§ **TASK BRIEF**: The full listing, excluding its pictures, should be printed exactly as it stands.

§ **DATA**:
□ □ □ □
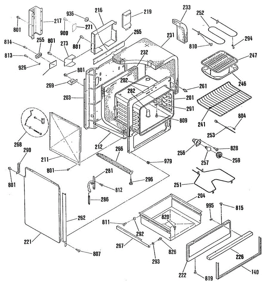 Left side oven door hinge provides smooth opening and closing operation. Replace if cracked, seized, worn, or binding. Mounts to oven cavity interior.
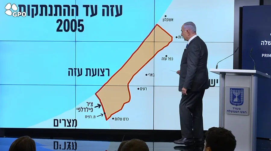 נתניהו פירט את חשיבותו האסטרטגית של ציר פילדלפי, אזור החיץ בין מצרים לרצועת עזה, ואמר: "ציר הרשע צריך את ציר פילדלפי. אם נצא משם, לא נוכל לחזור." הוא הדגיש כי הדרך להשגת מטרות המלחמה, כולל השבת החטופים, עוברת דרך שליטה על הציר האסטרטגי הזה.
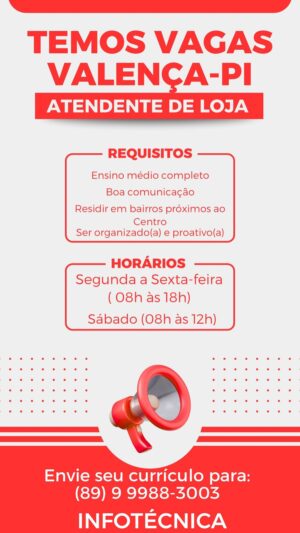 A Loja Infotécnica de Valença do Piauí anunciou que está recebendo currículos para a vaga de atendente. Os interessados podem entregar seus currículos diretamente para Priscila Araújo, entrando em contato pelo número whatsapp (86) 994065260.
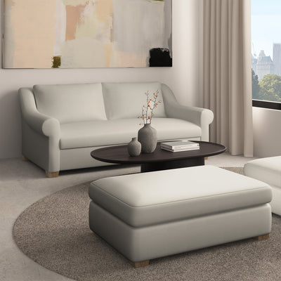 Find home in the Thompson Sofa. This sleek design is a new benchmark for modern home style with a traditional twist. Tactile sloped roll arms enclose the effortless comfort of its single bench seat. The neatly tapered square feet complete the look.
□ □ □ □
§ **SOLUTION TO THIS TASK**:
 Left side oven door hinge provides smooth opening and closing operation. Replace if cracked, seized, worn, or binding. Mounts to oven cavity interior.
 נתניהו פירט את חשיבותו האסטרטגית של ציר פילדלפי, אזור החיץ בין מצרים לרצועת עזה, ואמר: "ציר הרשע צריך את ציר פילדלפי. אם נצא משם, לא נוכל לחזור." הוא הדגיש כי הדרך להשגת מטרות המלחמה, כולל השבת החטופים, עוברת דרך שליטה על הציר האסטרטגי הזה.
 A Loja Infotécnica de Valença do Piauí anunciou que está recebendo currículos para a vaga de atendente. Os interessados podem entregar seus currículos diretamente para Priscila Araújo, entrando em contato pelo número whatsapp (86) 994065260.
 Find home in the Thompson Sofa. This sleek design is a new benchmark for modern home style with a traditional twist. Tactile sloped roll arms enclose the effortless comfort of its single bench seat. The neatly tapered square feet complete the look.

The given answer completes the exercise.